How distinct are Brunello di Montalcino and Chianti? The leader of a tasting group I've joined posed that question with a blind tasting of four wines, two from each appellation. Both regions sit in Tuscany, and both make wine largely from Sangiovese.

There are environmental differences—Brunello di Montalcino is arid—and soil differences—Brunello has more limestone and sand—but Brunello's reputation rests on the Sangiovese Grosso, a "superior" clone that Ferruccio Biondi-Santi isolated in 1888.

You clone propagate a grapevine clone by grafting its budwood onto another root system. Grape growers look for the vines that perform best, either in the vineyard or the cellar. Maybe one vine thrives while neighbors sicken. Maybe one produces a better cluster. Maybe one creates distinct flavor in a wine. Keep selecting, and over time you have a plant with a DNA fingerprint that stands well apart from its kin.

Guess who's researching an article about clones?

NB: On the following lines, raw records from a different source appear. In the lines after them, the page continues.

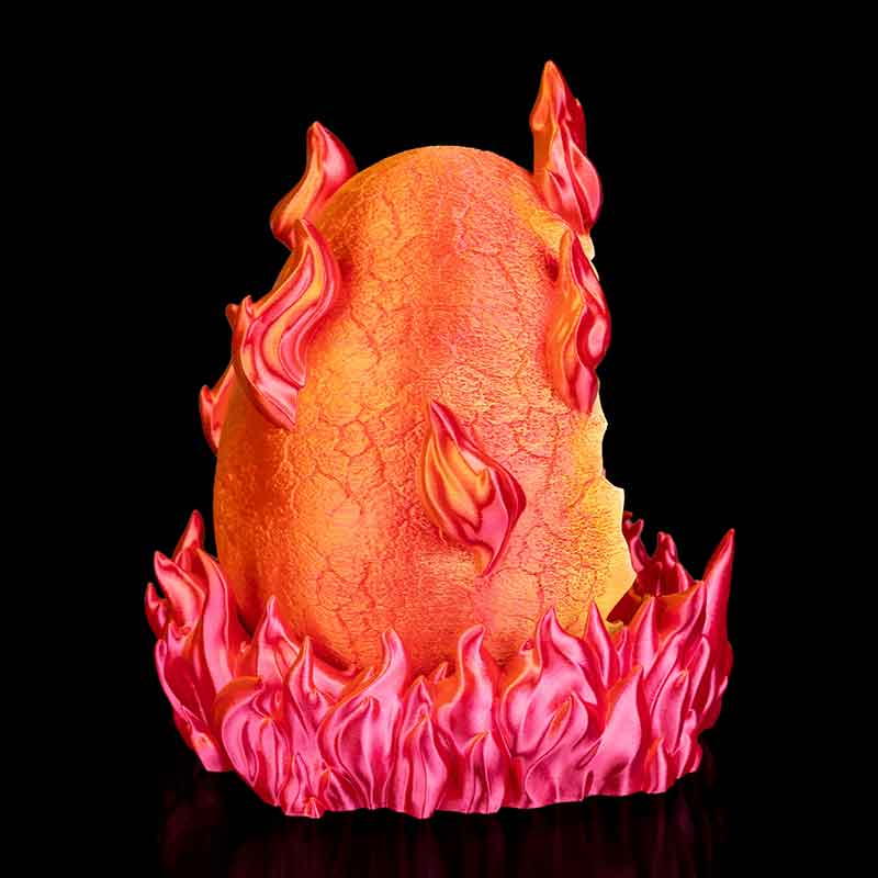 A warm-hearted hatchling curled inside a cozy ember-lit shell, casting a gentle fiery glow without the heat.
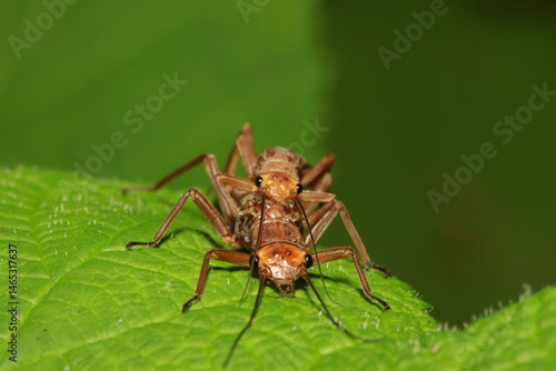 Fototapeta premium Male and female adult stoneflies (Hesperoperla pacifica), mating on a leaf beside a trout stream, macro close-up, face-on view.
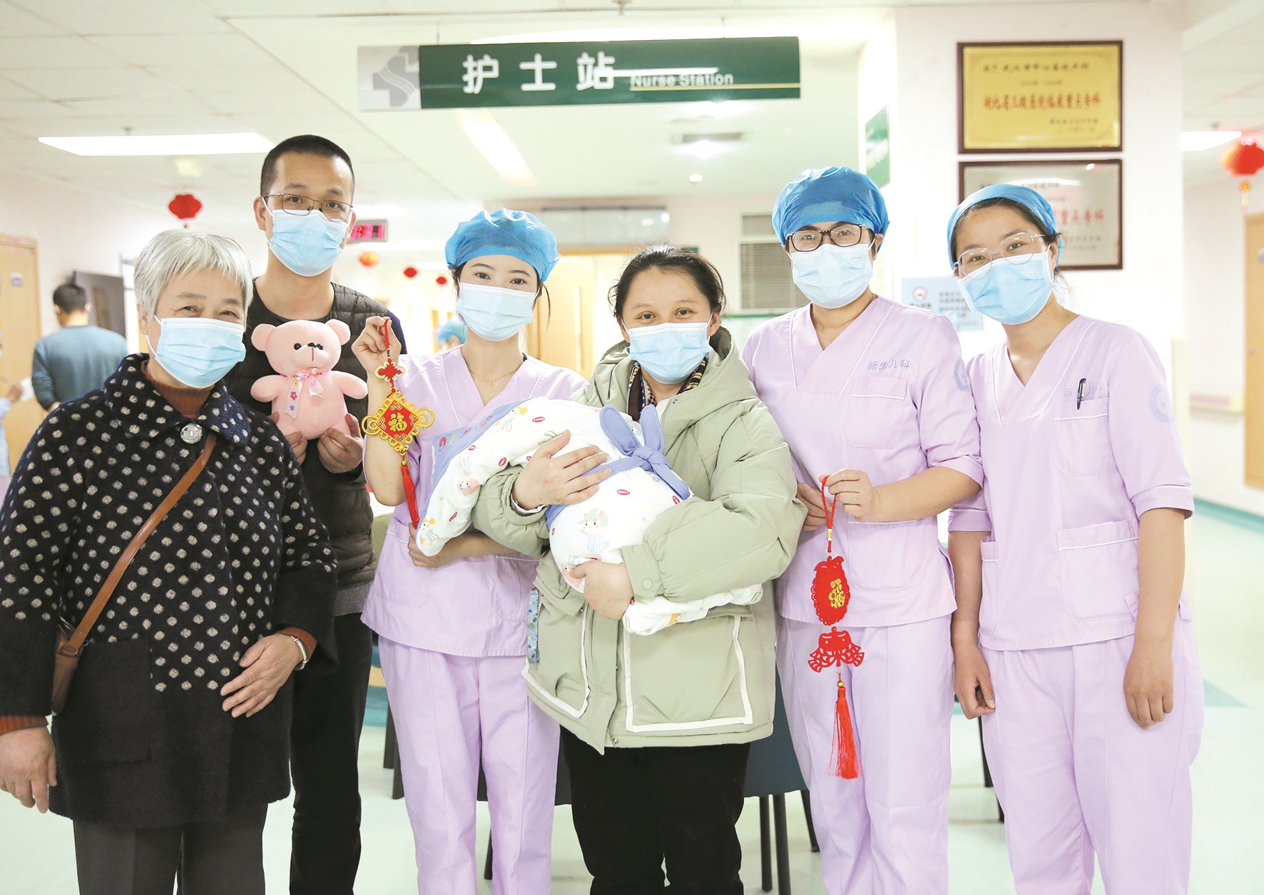 新生儿科医护人员为患儿送上平安结

Does Sangiovese Grosso deserve its status? Within our small tasting, we found nothing more than subtle distinctions. The two Chianti Classicos, from 1996 and 1997, had a less balanced acidity but a similar earthiness to the 1996 and 1995 Brunellos. I thought both Brunellos were complex; only one of the Chianti Classicos got my nod. They differed only at a debatable level. One member of the group, who has more experience with Italian reds than I, noted that these were still young, even with a decade or more of life behind them. Maybe we should try the tasting again in another five years.

My favorite wine was the 1995 Casisano-Colombaio Brunello di Montalcino. It had the old-wine earthiness that I love, with enough acidity to liven up the palate without sending a shiver coursing down the spine. The cocoa powder finish was a bit short: That's my only complaint.

For now, at least, my tongue can't tell Brunello and Chianti Classico apart. But sign me up for any rematch.